Aim of the task:
Transcribe the records below in their entirety, and leave out each image.
╭─ Exercise data
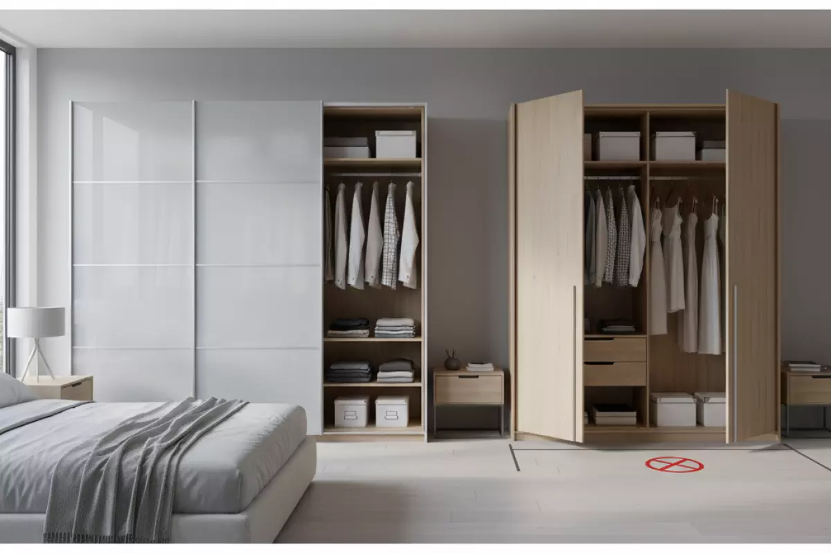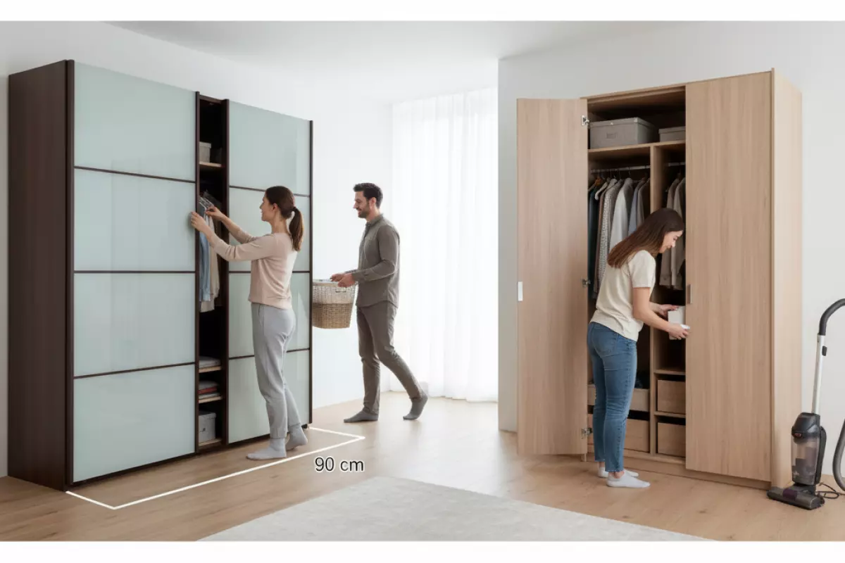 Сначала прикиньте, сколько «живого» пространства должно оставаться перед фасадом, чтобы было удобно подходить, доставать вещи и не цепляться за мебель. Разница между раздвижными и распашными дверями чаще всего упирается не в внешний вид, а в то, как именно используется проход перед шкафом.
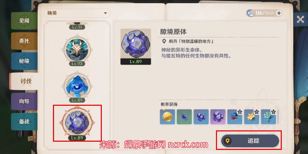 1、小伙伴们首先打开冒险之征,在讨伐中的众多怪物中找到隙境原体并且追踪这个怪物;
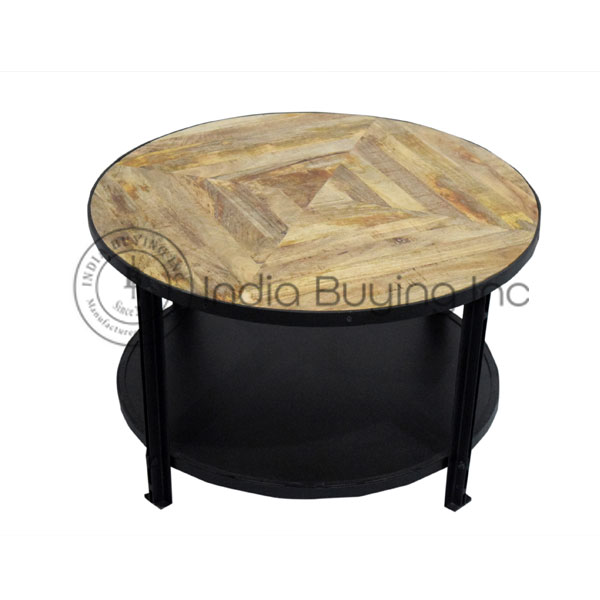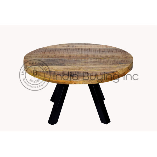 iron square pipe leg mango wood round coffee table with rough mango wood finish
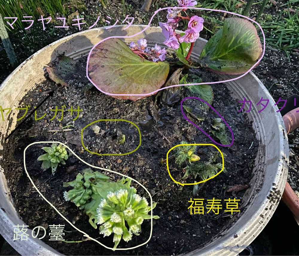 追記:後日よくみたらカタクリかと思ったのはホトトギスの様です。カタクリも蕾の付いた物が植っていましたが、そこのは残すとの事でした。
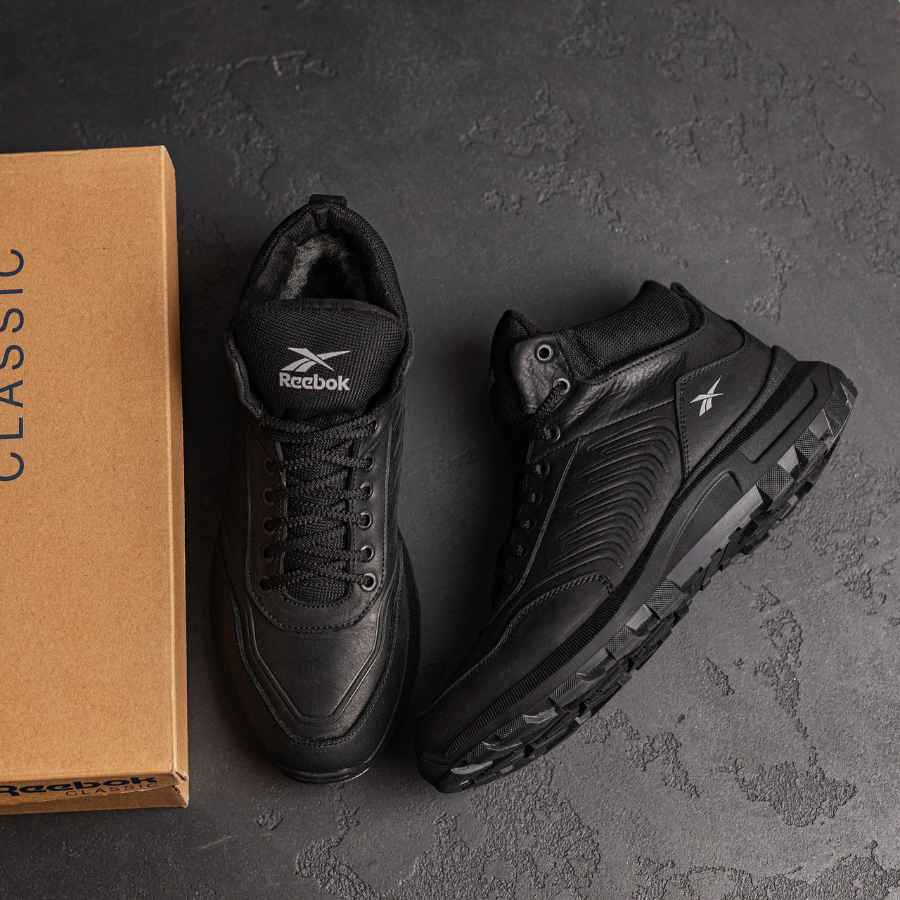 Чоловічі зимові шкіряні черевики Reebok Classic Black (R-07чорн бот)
╰─
Expected answer:
 Сначала прикиньте, сколько «живого» пространства должно оставаться перед фасадом, чтобы было удобно подходить, доставать вещи и не цепляться за мебель. Разница между раздвижными и распашными дверями чаще всего упирается не в внешний вид, а в то, как именно используется проход перед шкафом.
 1、小伙伴们首先打开冒险之征,在讨伐中的众多怪物中找到隙境原体并且追踪这个怪物;
 iron square pipe leg mango wood round coffee table with rough mango wood finish
 追記:後日よくみたらカタクリかと思ったのはホトトギスの様です。カタクリも蕾の付いた物が植っていましたが、そこのは残すとの事でした。
 Чоловічі зимові шкіряні черевики Reebok Classic Black (R-07чорн бот)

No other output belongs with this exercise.